Copilot commented on code in PR #18436:
URL: https://github.com/apache/pinot/pull/18436#discussion_r3203263693


##########
pinot-spi/src/main/java/org/apache/pinot/spi/data/readers/BaseRecordExtractor.java:
##########
@@ -18,46 +18,16 @@
  */
 package org.apache.pinot.spi.data.readers;
 
-import com.google.common.collect.Maps;
-import java.math.BigDecimal;
-import java.math.BigInteger;
-import java.nio.ByteBuffer;
 import java.sql.Timestamp;
 import java.util.Base64;
-import java.util.Collection;
-import java.util.Map;
 import java.util.Set;
 import javax.annotation.Nullable;
 import org.apache.commons.collections4.CollectionUtils;
-import org.apache.commons.lang3.ArrayUtils;
 
 
-/// Default [RecordExtractor] implementation.
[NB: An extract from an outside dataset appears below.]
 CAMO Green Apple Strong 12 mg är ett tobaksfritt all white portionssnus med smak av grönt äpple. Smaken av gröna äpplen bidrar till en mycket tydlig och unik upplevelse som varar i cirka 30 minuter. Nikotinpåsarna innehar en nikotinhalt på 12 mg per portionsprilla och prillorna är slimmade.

Subclasses override only the 
bits the format needs.
-///
-/// [#convert] dispatches by shape:
-/// - multi-value (`Collection` / non-`byte[]` array) → [#convertMultiValue] → 
`Object[]` (each element recursed)
-/// - map → [#convertMap] → `Map<String, Object>` (keys converted via 
[#convertSingleValue] then stringified via
-///   [#stringifyMapKey], each value recursed)
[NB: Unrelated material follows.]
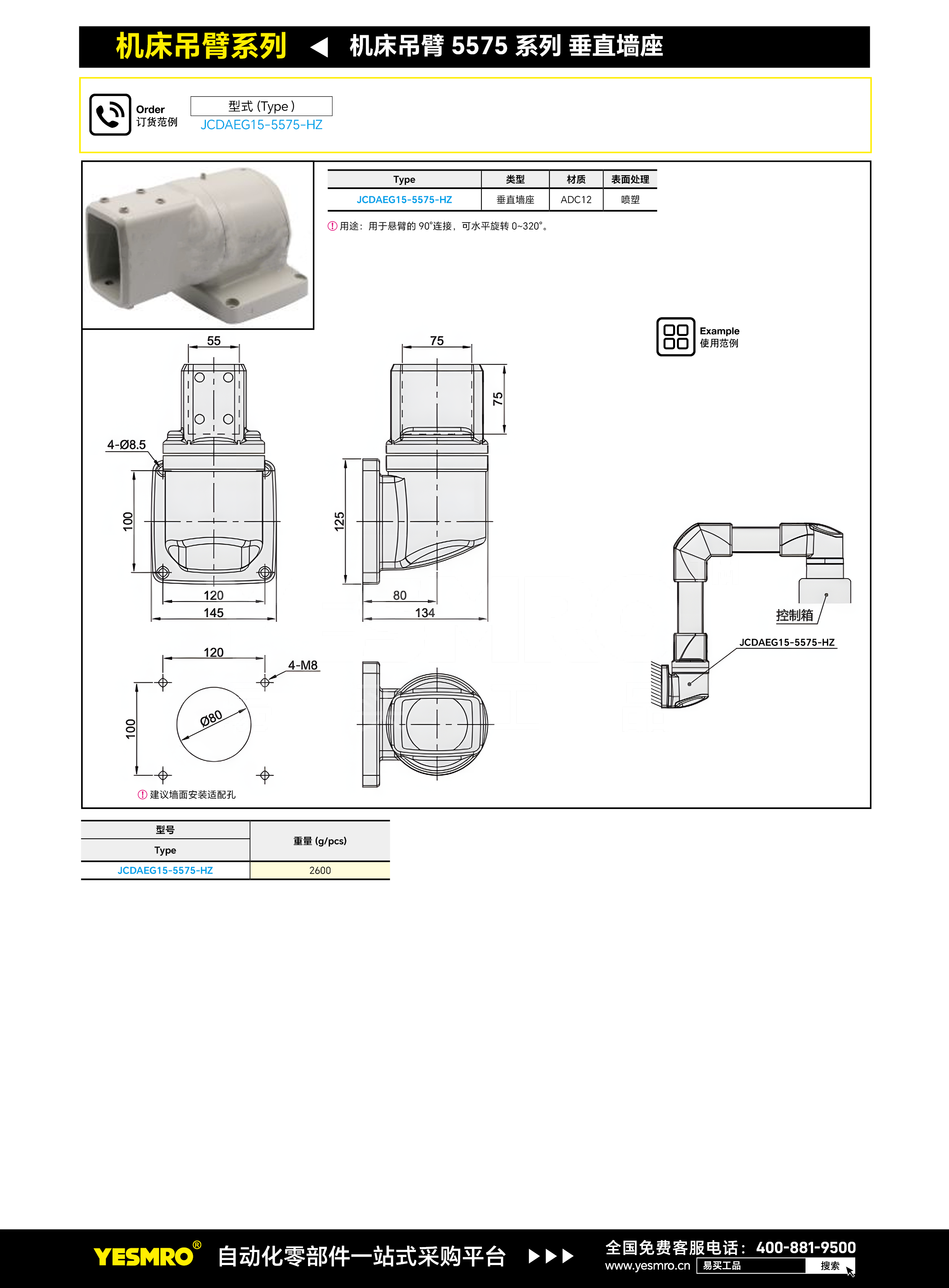 机床吊臂 垂直墙座

-/// - nested record → [#convertRecord] (throws by default; override for 
formats with nested records)
-/// - everything else → [#convertSingleValue]
-///
-/// [#convertSingleValue] applies universal normalizations for primitive types 
that any format extractor might
-/// produce:
-/// - `Byte` / `Short` widen to `Integer` so all small ints unify behind a 
single Pinot type
-/// - `BigInteger` widens to `BigDecimal` (Pinot has no `BigInteger` data 
type; downstream transforms handle
-///   `BigDecimal` natively)
-/// - other `Number` (`Integer` / `Long` / `Float` / `Double` / `BigDecimal`) 
passes through
-/// - `Boolean` passes through
-/// - `byte[]` passes through
-/// - `ByteBuffer` materializes to `byte[]` (sliced so the source buffer's 
position is not advanced)
-/// - everything else falls back to `value.toString()`
-///
-/// **Logical types (DECIMAL / TIMESTAMP / DATE / TIME / UUID) are NOT handled 
here** — see [RecordExtractor]
-/// for the contract. Format-specific extractors do the native-to-contract 
conversion themselves (e.g. the
-/// Avro extractor walks the schema in its own `extract` and never reaches 
this dispatcher).
+/// Default [RecordExtractor] base providing include-list resolution via 
[#init] and the [#stringifyMapKey] helper.
 ///
 /// @param <T> the format of the input record
-@SuppressWarnings({"rawtypes", "unchecked"})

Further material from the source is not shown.